The APDF is a rather loose-knit community of design firm owners, whose mission is to provide a forum for firms like Artefact to share ideas, report on how our business is doing, and learn from each other. We dedicate one of our quarterly meetings, the Leadership Exchange, to envisioning the role of design in the future. When I joined the APDF board last year, I took on developing the program for this year’s Leadership Exchange. My goal: invite speakers and design sessions that would provoke us to think beyond what is immediately possible and challenge us to imagine the Future.

Prototyping the Future

Brian David Johnson, Futurist, Intel

Brian has a pretty cool job.
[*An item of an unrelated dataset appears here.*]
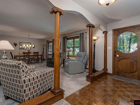 Overlooking the scenic backdrop of Rasmussen Woods, this spacious brick rambler in West Mankato offers the perfect combination of privacy, comfort, and location. The expansive one-level layout features generous room sizes and warm birch woodwork and cabinetry throughout. The main floor includes a formal living room and a welcoming family room complete with floor-to-ceiling built-ins, a wood-burning fireplace, and sliding doors leading to the backyard. The updated kitchen features quartz countertops, a tile backsplash, stainless steel appliances, and dining area with built-ins. All three main-level bedrooms offer double closets, and the primary suite includes a private bath and patio access. Additional main-level highlights include a mudroom and laundry off the garage, a convenient half bath, and a stunning screened porch—ideal for relaxing or entertaining. The lower level adds versatility with a large rec room which includes an egress window making it a potential 5th bedroom, an oversized bedroom, and a workshop. Enjoy peace of mind with numerous updates including a new roof, carpet, updated mechanicals, and much more. This is a rare opportunity to enjoy a private setting with wooded views, all while being close to trails, parks, and everything West Mankato has to offer.

He gets paid to think, write and talk about the future and to challenge the people who sign his paycheck at Intel. More specifically, Brian imagines a future that is seven to ten years out as a way to anticipate the challenges and opportunities that future may offer. Central to Brian’s talk, called “Prototyping the Future,” is the idea that by the year 2020 we will reach the point where “compute moves to zero.”
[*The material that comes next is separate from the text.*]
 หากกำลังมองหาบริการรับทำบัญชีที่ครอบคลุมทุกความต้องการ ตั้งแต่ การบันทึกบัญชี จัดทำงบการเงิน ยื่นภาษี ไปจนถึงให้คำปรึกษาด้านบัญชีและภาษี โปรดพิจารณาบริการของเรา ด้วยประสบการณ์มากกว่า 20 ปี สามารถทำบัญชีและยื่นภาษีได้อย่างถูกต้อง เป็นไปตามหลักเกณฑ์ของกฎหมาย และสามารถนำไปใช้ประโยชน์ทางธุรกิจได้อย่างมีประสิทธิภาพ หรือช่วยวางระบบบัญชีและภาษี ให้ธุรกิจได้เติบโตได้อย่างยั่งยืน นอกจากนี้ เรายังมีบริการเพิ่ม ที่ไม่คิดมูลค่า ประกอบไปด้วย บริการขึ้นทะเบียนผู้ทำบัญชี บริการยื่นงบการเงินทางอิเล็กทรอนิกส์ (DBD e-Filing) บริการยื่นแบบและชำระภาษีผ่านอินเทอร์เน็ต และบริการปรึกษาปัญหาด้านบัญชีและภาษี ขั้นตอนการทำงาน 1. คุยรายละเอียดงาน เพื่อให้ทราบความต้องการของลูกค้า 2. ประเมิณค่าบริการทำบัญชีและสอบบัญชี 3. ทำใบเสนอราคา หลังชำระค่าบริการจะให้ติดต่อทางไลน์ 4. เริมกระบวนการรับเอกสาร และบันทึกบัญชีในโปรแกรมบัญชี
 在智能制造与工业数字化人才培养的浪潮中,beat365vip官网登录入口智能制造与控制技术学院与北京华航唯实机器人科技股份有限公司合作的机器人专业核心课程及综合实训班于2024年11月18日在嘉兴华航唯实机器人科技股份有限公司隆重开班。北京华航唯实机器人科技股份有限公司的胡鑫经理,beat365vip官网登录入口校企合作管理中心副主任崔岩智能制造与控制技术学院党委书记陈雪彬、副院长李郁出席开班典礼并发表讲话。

As we look back over the past 40 years of computing, we can see the reduction in volume over time, from the mass of the mainframe to the ultra-portability of mobile devices today. By extrapolating this trend out to the year 2020, we can expect computing to all but disappear and become truly ubiquitous. This will have a profound effect on all of us, and when (not if, when) this happens we can expect computers to literally become part of the fabric of our lives. This is what is driving today’s wearable computing revolution.

Johnson argues science fiction offers us a wealth of ideas about new technologies and devices. Good science fiction also raises the questions about the social impact and outcome of the technology. And we, as 21st Century Designers need to be brave enough to ask ourselves these questions. After all, isn’t Google Glass only a step away from the “lighthoek” invention of sci-fi writer Ian McDonald?

Mosquitoes and Lasers

Pablos Holman, Inventor, Intellectual Ventures

With his funky glasses and forward fashion sense, Pablos looks like he just arrived from the future. He calls himself an inventor, and his job at invention marketplace Intellectual Ventures, is to investigate wildly radical solutions to some of the earth’s biggest challenges. Some of the projects on Pablos’s plate include a fission reactor powered by nuclear waste, a machine to suppress hurricanes, as well as a way to combat malaria. Regardless of what the challenge he is trying to tackle is, Pablos and his team at Intellectual Ventures have a unique approach – start with thinking differently about the problem before you think about its solutions. The result is often unexpected. Take, for example, the malaria problem. Traditional approaches such as mosquito nets are low cost but in a way they are quite restrictive. Pablos’ team tackles a different aspect of the problem – the way mosquitos move.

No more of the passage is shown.